Socks that would make me feel like I could handle those things too. Stuart loved this. He bought me my first pair of wool socks
and he resolved to wear nicer socks too. He lapped me pretty quickly. He took it way further than I did. He always had
fantastic socks. Wool, great quality, fun colors, quirky patterns, and so many pairs,
each of them different and just so much fun. He out-socked me big time.
I still try to wear nice socks. I learned pretty quickly that cheap socks
are a false economy. The wool socks I buy are not cheap. They are embarrassingly expensive,
like 25 bucks a pair. But what's fun about it is it's an area where you can totally splurge
without breaking the bank.
You can really go for it. You can throw caution to the wind. You can act like money is of no object.
You can do what I did back in 2006 and throw out all of your socks and replace them with amazing,
warm, 100% wool socks. I have about eight pairs. I mean, how many do you need? Eight's enough for me.
They last forever. I have some that are like 10 or 15 years old,
and my family knows what to buy me for Christmas and birthday presents.
Stuart and I laughed so hard about that ridiculous resolution, but it turns out it was one of the best resolutions I ever made.
A small, unimportant thing that made every day of my life better.
I think that was the last New Year's resolution I ever made.
After that silly resolution, I guess I figured I was pretty much done with the resolutions.
I still pause at this time of year to reflect. I think
about the previous year and what worked and what didn't work. I think about what
was a good use of time and what wasn't. I try to figure out how to better use my
time to help others, to help myself, to find more time with my family. It's a
process that is inspired in part
by the Dave and Morley story I want to play you next,
a story about Dave and his New Year's resolutions.
My New Year's resolutions inspired this next story,
and then this story inspired me to change my resolutions.
We're going to play that for you after the break,
so stick around.
We'll be back in a couple of minutes, maybe less.
Welcome back.
Story time now.
This is the story we call Dave's Letter.
Well, you would have thought by now,
by this stage in his life,
that Dave would have lost the impulse
to tackle, with any earnestness anyway,
the dubious task of writing down
New Year's resolutions.
Most people his age have given up on them,
have either, through sorry experience, New Year's resolutions. Most people his age have given up on them,
have either, through sorry experience,
recognized the futility of self-improvement,
or, through delusion,
decided the very idea of it is preposterous.

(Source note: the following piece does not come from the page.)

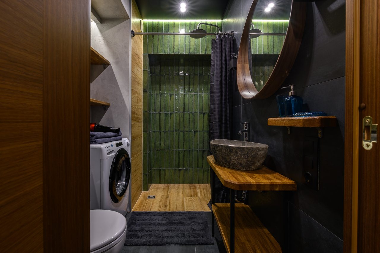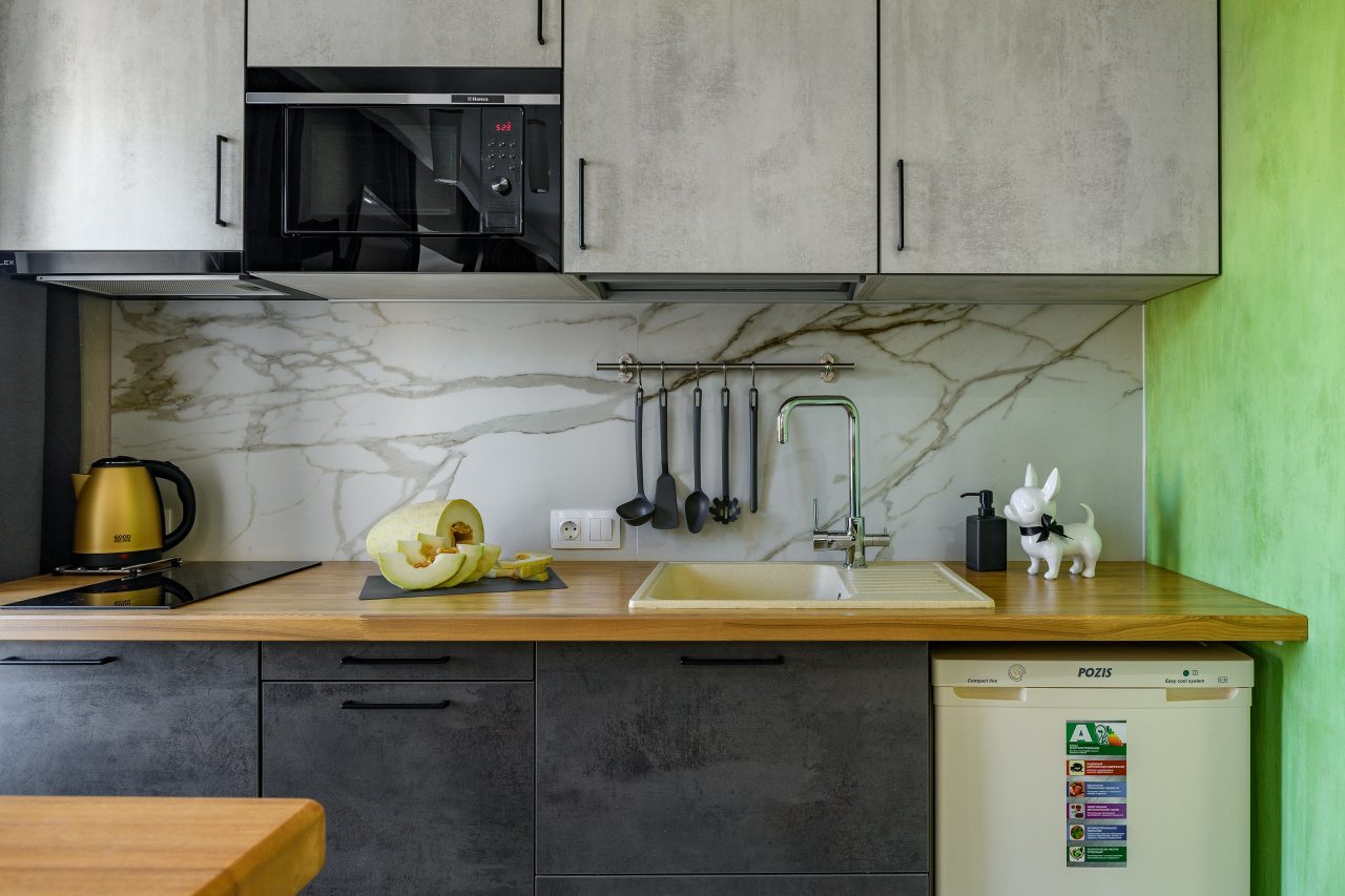 Удобная бытовая техника. В номере есть всё необходимое для комфортного проживания: холодильник, чайник, фен, микроволновка, посудомойка и стиралка
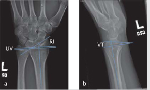 Medoff published average radiographic parameters of the distal radius from a sample size of 40, including radial inclination (23.6 degrees), radial height (11.6 degrees), and volar tilt (11.2 degrees). 8 The normal radiographic parameters of the distal radius are shown in ► Fig. 8.1 (normal wrist X-ray with overlying parameters).

This business of writing resolutions,
which requires a certain resolve of spirit, if not a mind, tends to be the preoccupation of the restless and the young.
Dave is no longer either.
But he is a man of habit.
And one of his habits, each and every year, is to set aside time on December the 26th to work on his annual awards, the Davies.
He gathers all the little notes he's scribbled over the year
on receipts and various scraps of paper,
and then with a glass of Jameson's Best beside him,
a quiet nod to Ireland and the town of Dublin where he began the tradition, he spreads everything out
and transcribes all the nominations into the green cloth-covered notebook that he bought
in a little store in Dublin just off St. Stephen's Green on
St. Stephen's Day. Could it really be 30 years ago now? Year after year, he happily notes
his song of the year, favorite movie, most despised meal, most irritating commercial, and all the other awards, best
performance by a politician in a supporting role. The categories are flexible and change as the
years dictate. But what hasn't changed is the list Dave appends at the end of each chapter, his annual list of resolutions.
They stretch back to his early 20s. A surprising number of them resolved, a dispiriting number
still in play. Dave embraced the run-up to this year's awards, as he always does, with joyful ambition.
The Davies are, after all, a fantasy of joyful complexity, a complex inner world where Dave must assume many roles.
Nominators, nominees, judging committee, adoring fans, and finally, on award night,
theater audience, TV commentators, presenters, and of course, the winners,
who all give long acceptance speeches with many heartfelt references to the father of the Davies, himself.
As usual in the weeks prior to the official announcement, there was much consultation, both at home and around the neighborhood.
Opinions were sought.
The lists were whittled and worked on.
And then, two days before Christmas,
three days before he sat down, pen in hand,
Dave pulled up lame.
I don't know, he said to Morley one day at lunch.
I've been thinking I might leave out the resolutions this year.
You should resolve to clean up your room, he said.
It came out just like that, just that fast. Whoa, said Dave. To be clear,
she didn't mean his bedroom. She meant the storage room over his record store. And by
clean up, she meant tidy up. Morley tries to operate within the limits of the possible.
She was just throwing it out there.
She hadn't even been up there for over a decade,
but she has lived with it for decades.
For more to the point, she had lived through the semi-regular frenzies,
or to get right to the point, the most recent frenzy,
when Dave was once again tearing it apart, looking this time for a copy of the first
edition of Rolling Stone magazine. November 9, 1967, John Lennon in How I Won the War.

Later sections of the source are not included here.